Detroit, MI
Drawn from the Detroit Institute of Arts’ permanent collection, this installation presents a selection of paintings and works on paper by 19th-century Dutch and French realist artists, all of whom were contemporaries of Vincent van Gogh (1853–1890). Highlighting the work of several artists that impacted Van Gogh’s early artistic development, the presentation anticipates and coincides with the DIA’s Van Gogh in America exhibition (October 2, 2022–January 22, 2023).
Van Gogh particularly admired the painterly innovations of the Hague School––a group named for the city in the Netherlands where its core artists lived and worked beginning about 1870. Van Gogh spent time in The Hague in 1869–73 and 1881–83 and knew several of these artists personally. Anton Mauve (1838–1888) and Jozef Israëls (1824–1911) especially captivated the young Van Gogh.
Many of the major themes employed by Mauve, Israëls, and other fellow Hague School artists were also ones taken up by Van Gogh: rural landscapes with waterways, marshes, and dunes in the environs of The Hague; traditional ways of life of peasant and fishing communities; and seascapes with sailboats, windmills, and canals.

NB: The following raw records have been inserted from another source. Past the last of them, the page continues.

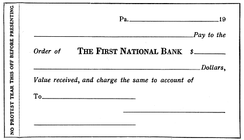 SUGGESTIONS FOR DRAWING NEGOTIABLE PAPER.—Very few suggestions are necessary in drawing checks. We almost always use the printed form. The only thing to be careful about is to draw lines through the blank spaces so that a check written for $70 may not have something else written before the word seventy, thereby raising the amount to, say, One thousand seventy, and the figures, because they are not near the dollar sign, correspondingly raised. The promissory note is frequently drawn by the parties without any printed form. In order to be negotiable, the note must bear the words "or order," or "bearer"; otherwise, it would not be negotiable, and would pass by the law of assignability[Pg 403] without any of the advantages accruing to negotiable paper. The draft, or bill of exchange, is the document which the average layman is the least familiar with, and before drawing one, a printed form should be secured or a book on negotiable paper be consulted.
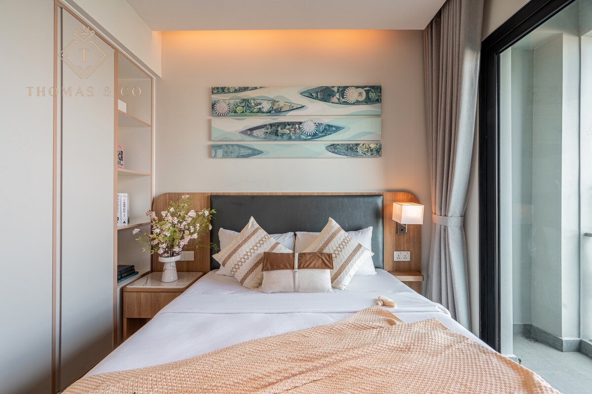 L'appartamento è splendidamente progettato in stile Wabi Sabi situato nell'edificio D1Mension Residences, il centro del Distretto 1, lo stile artistico, le strutture speciali del resort di alto livello_piscina termale_bagno termale_bagno turco, palestra_sala riunioni, sala lavoro privata, acquario da giardino, piza 4’a destra, area barbecue in giardino, area giochi per bambini, ampio salotto, tutte le finestre e i balconi della camera da letto sono ariosi, l'appartamento è unico, lussuoso, di classe.
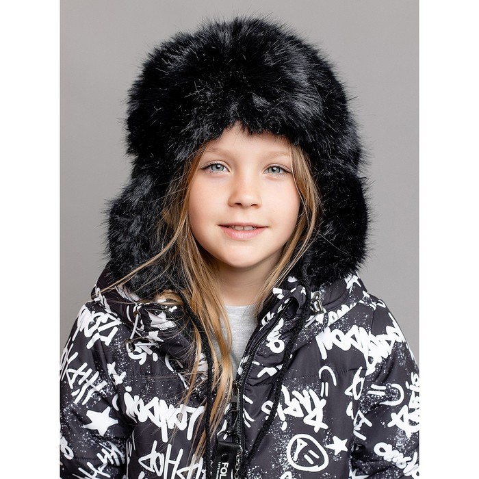 Children's fur cap, size 52, black color
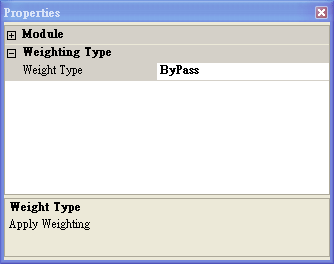 決定為何種權重濾波: By Pass:不執行任何濾波動作 A Weighting:聲壓準位在 20~55 dB SPL 範圍內建議使用。 B Weighting:聲壓準位在 55~85 dB SPL 範圍內建議使用。 C Weighting:聲壓準位在 85~140 dB SPL 範圍內建議使用。 Slope:權重為頻率乘上輸入值 (Slope Value) 。 |
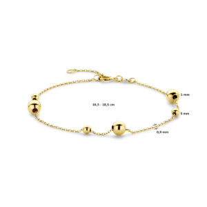 14k Geelgouden armband uitgevoerd met bolletjes. De armband heeft draaglengtes van 16.5-18.5mm.
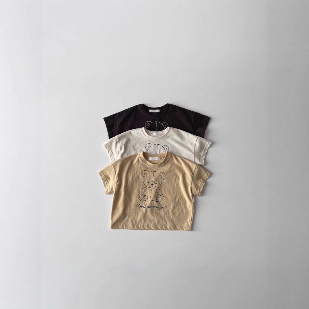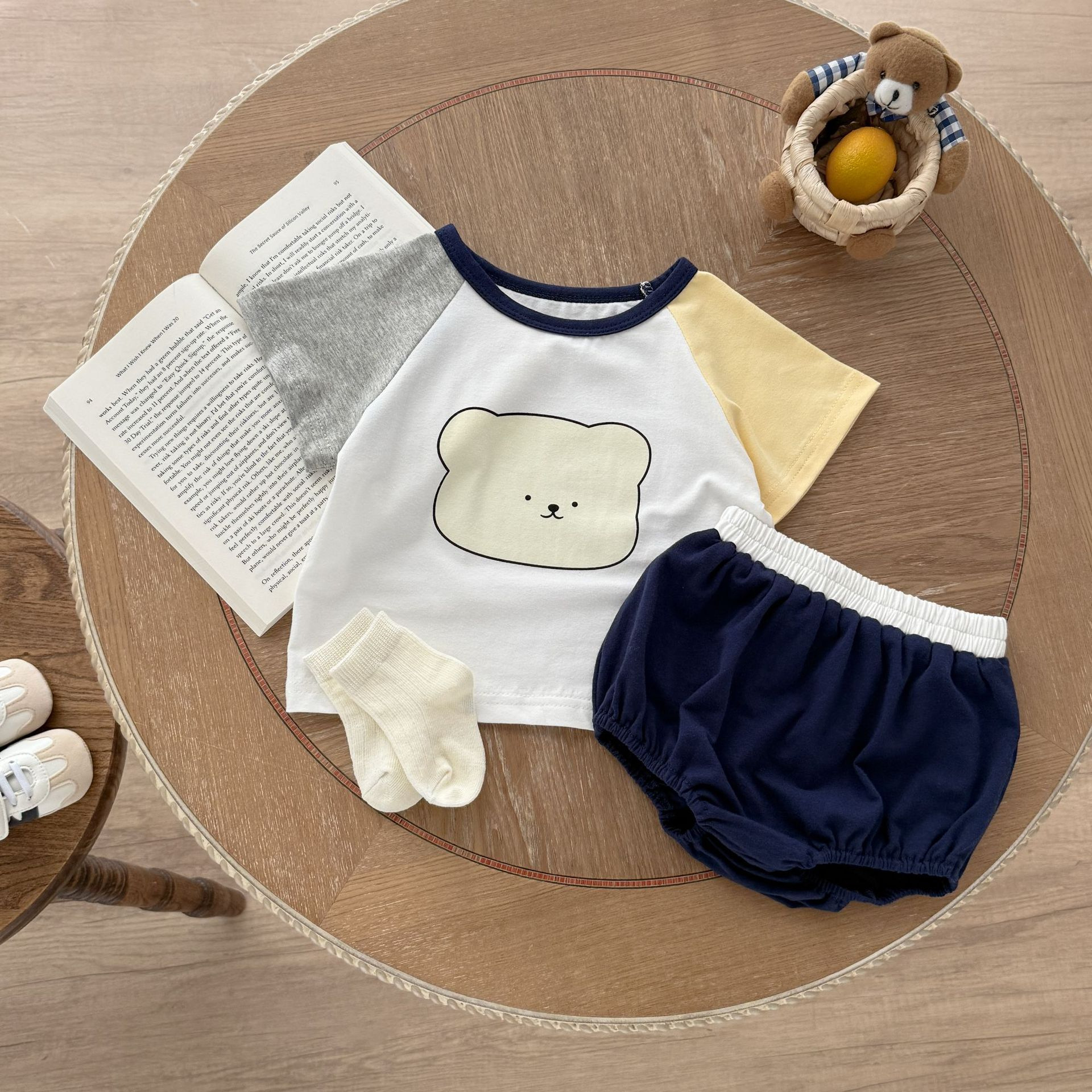 25 夏のインターネットセレブ Tシャツ新しい半袖夏の漫画クマプリント夏服子供のファッショナブルなベビースーツ

Hague School artists took their inspiration from Dutch 17th-century painters and from French artists, known as Barbizon School and working in the tradition of realism, most prominently Jean-François Millet (1814–1875), who featured French peasant and rural themes in his work. Léon-Augustin Lhermitte (1844–1925) followed into Millet’s footsteps and devoted his career to depicting the French countryside. Van Gogh had the life-long regard for Millet and valued the work of Lhermitte––both artists will be included in this presentation.